Hey that ******* sucks but you can't really reason with the desperate at all. 

 We had contingencies in place. Dated June 15th. 

https://www.reuters.com/world/us/us-speeds-visas-vulnerable-afghans-pullout-looms-congress-wants-more-2021-06-15/

It's a cluster**** because everything collapsed so damn fast, but after the Afghan army unexpectedly surrendered the entire country to the Taliban in 9 days we have evacuated roughly 1 out of every 800 people in Afghanistan with ZERO US CASUALTIES. 

Whether you want to admit it or not the ongoing evacuation is going very well. 

Alright, wingnut.

This was never going to be pretty.
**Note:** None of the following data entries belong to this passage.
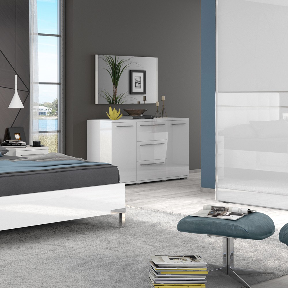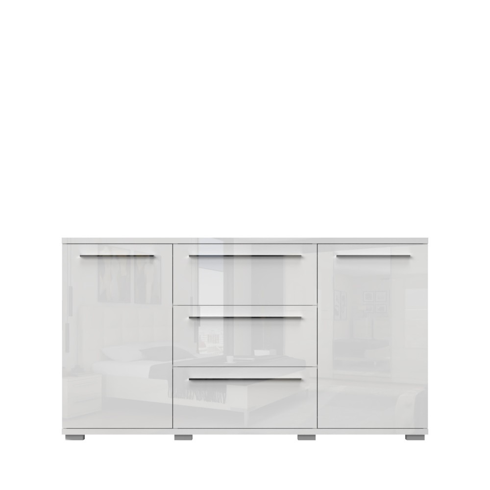 Komoda s dva krila i tri ladice iz kolekcije namještaja Piano. Fronte, stranice i strop elementa lakirani su UV lakom visokog sjaja, u toploj bež ili kristalno bijeloj boji. Unutarnji dijelovi korpusa su u bijeloj boji. Soft-close šarke omogućuju tiho zatvaranje krila što daje dodatnu pogodnost tijekom kontinuirane uporabe. Metalni segmenti novih klizača ladica s mekim zatvaranjem smanjuju trenje tijekom uporabe, imaju veću otpornost na habanje i osiguravaju maksimalnu dugovječnost u svakodnevnoj uporabi. Povećana dubina unutrašnjosti ladice na 16 cm, čini ih vrlo praktičnim. Moderna, elegantna i prije svega funkcionalna komoda za spavaću sobu.
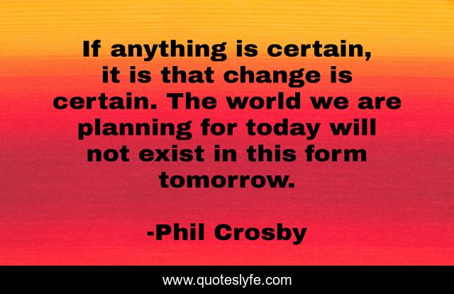 This page presents the quote "If anything is certain, it is that change is certain. The world we are planning for today will not exist in this form tomorrow.". Author of this quote is Phil Crosby. This quote is about world, tomorrow, today,.
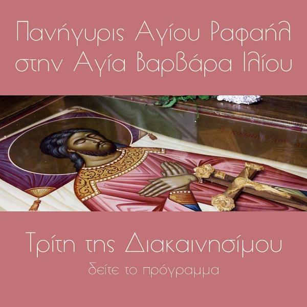 Πανηγυρίζει το παρεκκλήσιο του Αγίου Ραφαήλ την μνήμη των Αγίων νεοφανών μαρτύρων Ραφαήλ, Νικολάου και Ειρήνης, την Τρίτη της Διακαινησίμου 21 και 22 Απριλίου 2025, στον Ιερό Ναό Αγίας Βαρβάρας Ιλίου.
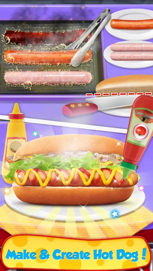 • Drag the hot dog into the pan and start cooking, don't forget to flip on time
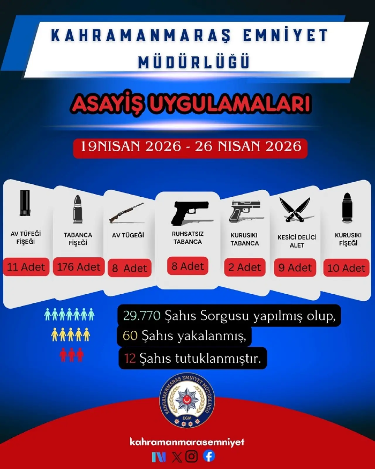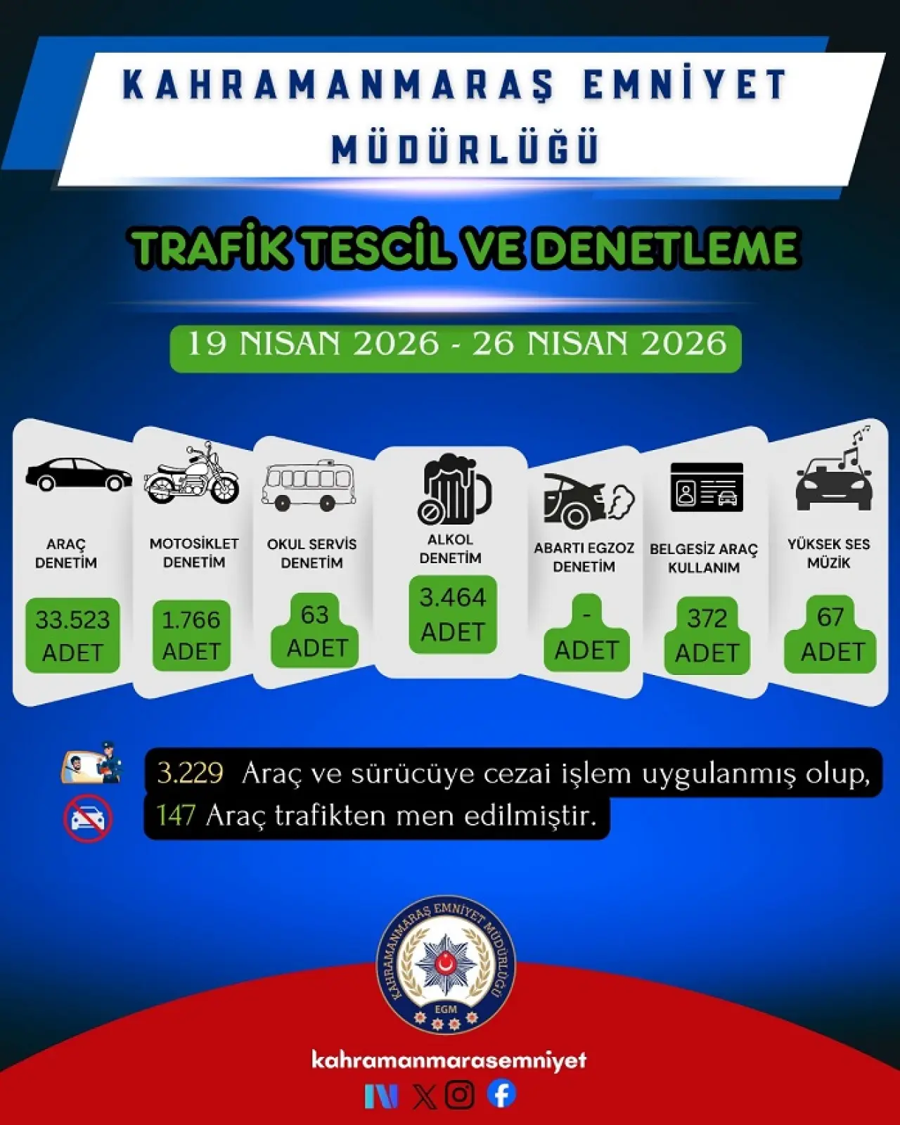 Kahramanmaraş İl Emniyet Müdürlüğü, 19-26 Nisan 2026 tarihleri arasını kapsayan haftalık asayiş, trafik ve narkotik uygulama sonuçlarını kamuoyuyla paylaştı. Şehir genelinde yürütülen çalışmalarda huzur ve güven ortamının devamlılığı için on binlerce şahıs ve araç denetimden geçirildi.

There was literally no way to make it pretty. Biden is taking it on the chin but the people dishing the punches either didn't want to withdraw in the first place or are too stupid to realize they're being hoodwinked by a bad narrative. 

This is simply untrue. You are quoting men whose only fighting experience was with the girl next door when they tried to steal her Barbie and she kicked their ass. 

Consult real intel and real soldiers handling the logistics and stop with this sissy boy crap.

There was a plan conceived in 2020 to evacuate all but a few, relatively speaking and that plan was given to the Biden admin. His admin dumped it. 

This withdrawal is being handled poorly as noted by actual military personnel. No amount of Barbie thieves should change your mind.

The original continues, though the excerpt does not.